The multivariate analysis, therefore, suggests that the Kavaratti population belonged to a unique wave of migrants that neither belonged to the earliest Indian-specific M2 carriers nor to the West Eurasian descendants. A peculiar feature in the Kavaratti cluster is the presence of the M3, M30 and U2 clades. Haplogroup U2 peaks in the northwestern and northern region of the Indian subcontinent, like M3, M5 and M30. Out of these, M3 and M30 originated during or after the LGM event. This time depth is important, since the members of the Kavaratti cluster carry M3 and M30, leading us to the assumption that these populations had similar gene pools during the LGM recovery, after which bottleneck events took place. At this juncture, if an R30 bottleneck happened, then it is obvious that the group that migrated to Kavaratti belonged to a bigger group that included the ancestors of the Urali Kuruman, the Punjab Scheduled Castes, Uttar Pradesh Brahmins, Thogataveera, Reddy, Jat Sikh, Nair, etc. Therefore, we hypothesise that the Kavaratti islanders trace their maternal ancestry to the northwestern region of the Indian subcontinent. To resolve this picture further, based on the subclade information available for the R30b2 and R30 haplogroup network analysis (ESM_1 Fig. 3) and principal component analysis (Fig. 2), we suggest that the Kavaratti islanders are maternally related to Mazhabi Sikhs, Balmikis (Punjab Scheduled Castes) (Singh et al. 2016) and Nairs. All other groups carry R30a subclades. Interestingly, Nairs have two important characteristics which are similar to Lakshadweep islanders, firstly their Malabar roots, as described in oral traditions and documented history, and secondly the high status enjoyed by women (Forbes 1979). However, if the Kavaratti islanders were recent offshoots of the Nairs, then it would most likely have been mentioned in folklore. At present, no record of any direct Nair lineage to the Lakshadweep islanders, either written or oral, is known to exist (Chib 1985).

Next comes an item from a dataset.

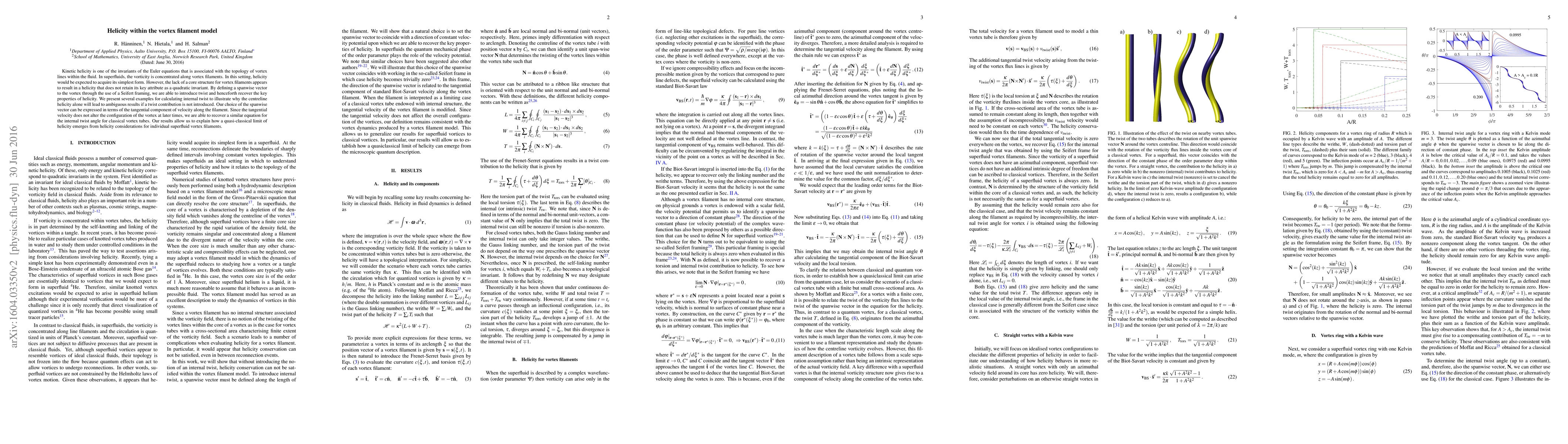 This paper explores how kinetic helicity, an invariant in fluid dynamics, behaves in superfluid vortex filaments. By introducing a spanwise vector via Seifert framing, the authors recover the key properties of helicity, demonstrating that internal twist is crucial for accurate helicity calculations.
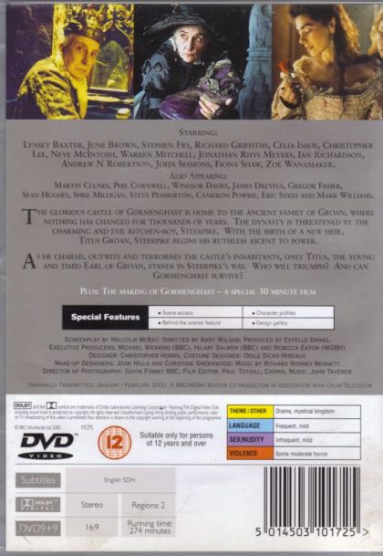 A four-episode television serial based on the Gormenghast series by Mervyn Peake. It was produced and broadcast by the BBC. Gormenghast is an ancient city-state which primarily consists of a rambling and crumbling castle. The narrative, based on the first two of the three Gormenghast novels by Mervyn Peake, begins with the birth of a son, Titus, to the 76th Earl, Sepulchrave Groan, and Countess Gertrude. This mismatched pair (he'd prefer the melancholy privacy of his library; she'd prefer the company of her menagerie of cats and birds) also have a teenaged daughter, Fuchsia, who resents her new brother but comes to love him dearly. Simultaneously, a young kitchen apprentice, Steerpike, takes advantage of an altercation between head cook Swelter and the Earl's manservant, Mr. Flay, and escapes from the kitchens. Gormenghast is rigidly feudal in structure, but Steerpike has ambitions.

Our analyses limit our ability to trace the route of migration, as we do not find any population with R30b2 between the Punjab and Kerala. However, there are two possible routes, viz. (1) The modern route from the Malabar coast, and (2) a hypothetical “non-Malabar route”. The Malabar route is more plausible, because many indigenous tribes with founder haplogroups (Jenu Kuruba, Betta Kuruba, Urali Kuruman, Koraga, etc.) exist along the western coast of India. The lineage of the Kavaratti islanders may have migrated in isolation, following a coastal route until the bearers of this lineage explored the Lakshadweep archipelago. Fine-scale structuring using whole genome data will provide a better understanding of the deep-rooted ancestral links between the Malabar population and the Lakshadweep islanders to confirm lineage sharing between the two.

In conclusion, we identify in the Kavaratti islanders an R30b2 founder lineage arising from the northwestern region of the Indian subcontinent during the Last Glacial Maximum period. The only other populations to carry this lineage are the Scheduled Castes from the Punjab, Jat Sikhs and Nairs, who are either found in the northwestern portion of the Indian subcontinent or have recent historical links with this region. In addition, we also find unique clusters of pre-LGM M2 and M33 clades sharing common ancestors with those found in the northwestern populations. A similar trend is seen in the clustering pattern based on the M3 and M30 haplogroups that are prevalent in this region and date to the LGM period. We also report a rare occurrence of the U4 lineage dated to the LGM period that is otherwise only found in Europe. Its presence in the Kavaratti islanders only suggests that the ancestors of the founders admixed with a diverse group before drastic demographic changes that occurred during and after the LGM. Our conclusions are based on the control region of the mitochondrial DNA and, therefore, must be further substantiated with whole mitogenomes.